CRANE e-Newsletter
Timothy P. Harrison

I am very pleased to announce the resumption of the CRANE Insider, our ‘in-house’ e-news communications platform. The CRANE Insider will include monthly reports and stories on the many projects and activities being conducted by researchers throughout the CRANE network, communicate upcoming conferences, workshops, and lectures of CRANE researchers, and celebrate the publications and research achievements of the CRANE research community. As the network of CRANE projects and researchers continues to grow and expand, we wish to maintain an active and open communications ‘channel’ that keeps everyone informed of our collective research activities and progress.

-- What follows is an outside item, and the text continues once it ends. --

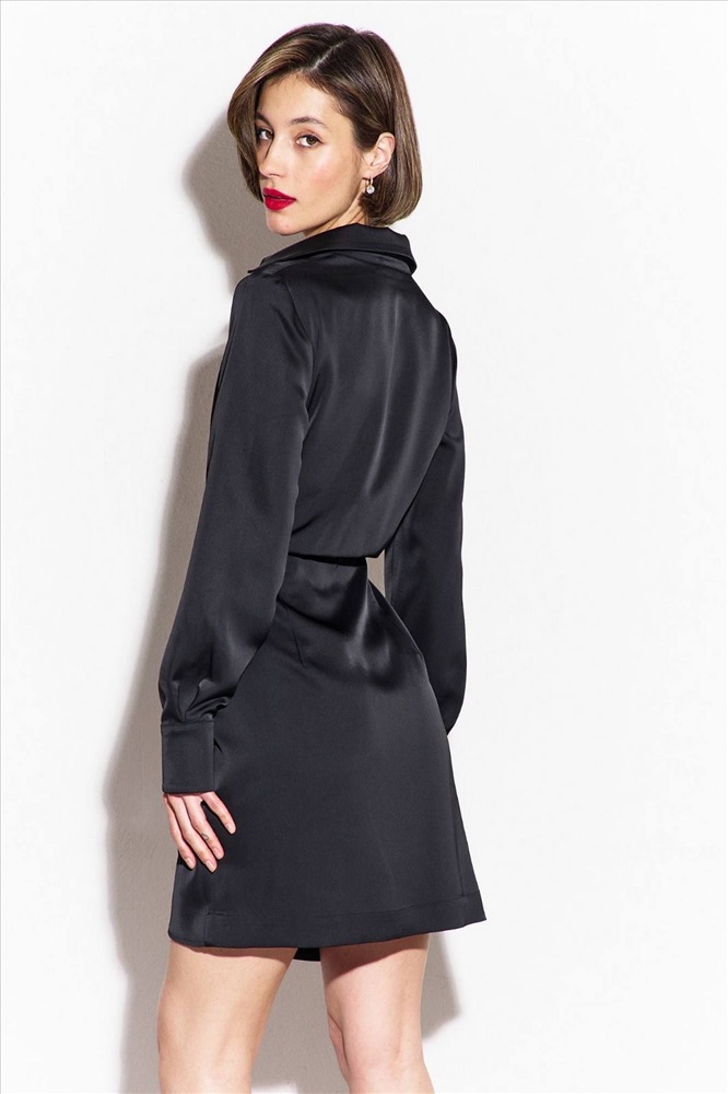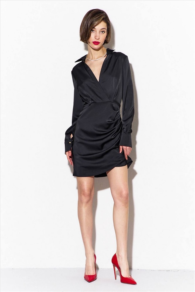 Платье полуприлегающего силуэта: - платье отрезное по линии талии - лиф переда на запах, с односторонними складками - юбка переда на запах с фигурной линией низа - рукава одношовные, втачные, длинные -горловина- рубашечный воротник на отрезной стойке - в правом боковом шве потайная молния.

We hope that each and everyone will communicate their news or announcements, so that the larger CRANE community remains informed, and all can benefit from our collective successes.

To help launch the CRANE Insider, I am very pleased to report that SSHRC has formally approved our most recent institutional partner, the University of Central Florida, with Scott Branting as Co-Investigator. Scott is engaged in an exciting array of projects developing truly innovative archaeological applications in the fields of remote sensing (including the deployment of satellites to document cultural heritage), 3D data capture and modelling. As Jaime Weinman, our new CRANE writer, reports, CRANE will be partnering in Scott’s current project, DATCH, to equip archaeologists with augmented reality (AR) headsets designed to achieve total data capture in real time in the field.

In future issues of the CRANE Insider, we will provide updates on the progress of ongoing CRANE projects, and report on exciting new initiatives being developed, such as the Human-Environment Interaction Project, an ambitious initiative to build on CRANE’s current RCM Downscaling Project, and a developing partnership with Cambridge University Press to launch a Cambridge Elements series on the City in the Ancient Mediterranean World (in the tradition of the Cambridge Ancient History series), that will link CRANE data with ‘state-of-the-field’ publications (or Elements) tracing the historical development of the city in the ancient Mediterranean world through time and space.

As the CRANE network continues to grow, I anticipate that our communications will expand as well, both internally and with the broader research community and the public, and it will engage a wider range of media platforms. In the meantime, PLEASE share with us any news or announcements you might have.